• Supplied data

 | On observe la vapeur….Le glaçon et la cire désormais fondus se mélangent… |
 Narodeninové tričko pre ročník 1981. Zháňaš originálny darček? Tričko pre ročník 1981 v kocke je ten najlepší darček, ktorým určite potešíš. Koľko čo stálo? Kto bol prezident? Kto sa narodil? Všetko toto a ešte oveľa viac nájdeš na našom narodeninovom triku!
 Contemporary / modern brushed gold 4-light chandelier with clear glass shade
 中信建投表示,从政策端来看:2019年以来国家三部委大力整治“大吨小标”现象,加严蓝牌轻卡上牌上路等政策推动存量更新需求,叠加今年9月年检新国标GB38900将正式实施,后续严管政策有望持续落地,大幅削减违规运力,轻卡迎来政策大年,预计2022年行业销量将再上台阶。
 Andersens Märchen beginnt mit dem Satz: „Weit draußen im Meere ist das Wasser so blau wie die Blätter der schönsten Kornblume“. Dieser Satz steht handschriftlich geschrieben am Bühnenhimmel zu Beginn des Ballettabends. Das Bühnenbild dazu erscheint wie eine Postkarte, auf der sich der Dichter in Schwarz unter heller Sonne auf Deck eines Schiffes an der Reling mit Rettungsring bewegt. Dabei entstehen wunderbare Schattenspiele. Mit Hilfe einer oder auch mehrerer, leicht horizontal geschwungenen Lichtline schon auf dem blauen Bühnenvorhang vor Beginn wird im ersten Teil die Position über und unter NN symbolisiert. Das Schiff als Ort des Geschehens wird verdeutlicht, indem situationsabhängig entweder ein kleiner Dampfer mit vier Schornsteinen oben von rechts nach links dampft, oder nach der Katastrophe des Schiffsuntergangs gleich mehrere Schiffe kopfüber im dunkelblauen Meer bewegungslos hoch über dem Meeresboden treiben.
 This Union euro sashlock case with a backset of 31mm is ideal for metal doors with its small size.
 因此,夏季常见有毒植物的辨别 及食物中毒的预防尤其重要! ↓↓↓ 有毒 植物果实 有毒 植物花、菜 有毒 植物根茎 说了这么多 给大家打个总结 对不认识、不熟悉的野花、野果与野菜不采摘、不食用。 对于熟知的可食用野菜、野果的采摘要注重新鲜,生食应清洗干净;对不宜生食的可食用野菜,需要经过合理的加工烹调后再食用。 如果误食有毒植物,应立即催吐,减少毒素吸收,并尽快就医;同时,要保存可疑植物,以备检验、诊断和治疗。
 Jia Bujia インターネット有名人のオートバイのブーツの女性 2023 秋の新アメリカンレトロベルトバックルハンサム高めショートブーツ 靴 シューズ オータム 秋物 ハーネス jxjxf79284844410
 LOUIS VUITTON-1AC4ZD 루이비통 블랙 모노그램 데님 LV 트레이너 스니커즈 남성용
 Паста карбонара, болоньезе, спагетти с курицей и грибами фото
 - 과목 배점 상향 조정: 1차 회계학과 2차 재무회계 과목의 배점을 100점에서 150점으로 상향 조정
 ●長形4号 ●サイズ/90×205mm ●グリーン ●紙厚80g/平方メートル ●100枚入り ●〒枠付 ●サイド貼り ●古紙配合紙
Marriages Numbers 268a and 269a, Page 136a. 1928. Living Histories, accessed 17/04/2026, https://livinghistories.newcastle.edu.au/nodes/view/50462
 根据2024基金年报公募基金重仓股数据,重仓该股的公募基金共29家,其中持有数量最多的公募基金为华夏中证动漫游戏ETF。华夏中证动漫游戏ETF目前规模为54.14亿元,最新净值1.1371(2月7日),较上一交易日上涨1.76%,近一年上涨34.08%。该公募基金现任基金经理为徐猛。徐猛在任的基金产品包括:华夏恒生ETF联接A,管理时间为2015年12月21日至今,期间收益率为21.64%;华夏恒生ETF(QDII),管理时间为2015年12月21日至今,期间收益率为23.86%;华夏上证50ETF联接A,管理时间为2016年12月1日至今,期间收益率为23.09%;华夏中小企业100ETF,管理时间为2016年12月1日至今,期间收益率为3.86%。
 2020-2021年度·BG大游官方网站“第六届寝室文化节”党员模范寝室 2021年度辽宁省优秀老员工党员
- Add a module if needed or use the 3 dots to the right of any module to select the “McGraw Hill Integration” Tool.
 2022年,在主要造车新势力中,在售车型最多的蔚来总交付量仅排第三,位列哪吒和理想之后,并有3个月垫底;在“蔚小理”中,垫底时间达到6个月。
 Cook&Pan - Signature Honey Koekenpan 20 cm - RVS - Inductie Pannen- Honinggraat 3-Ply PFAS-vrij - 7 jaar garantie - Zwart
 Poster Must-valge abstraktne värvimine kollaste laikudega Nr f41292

• Exercise brief
Reproduce verbatim the lines above, from the line with "Contemporary / modern" through the line with "中信建投表示,从政策端来看:2019年以".

• Problem solution
 Contemporary / modern brushed gold 4-light chandelier with clear glass shade
 中信建投表示,从政策端来看:2019年以来国家三部委大力整治“大吨小标”现象,加严蓝牌轻卡上牌上路等政策推动存量更新需求,叠加今年9月年检新国标GB38900将正式实施,后续严管政策有望持续落地,大幅削减违规运力,轻卡迎来政策大年,预计2022年行业销量将再上台阶。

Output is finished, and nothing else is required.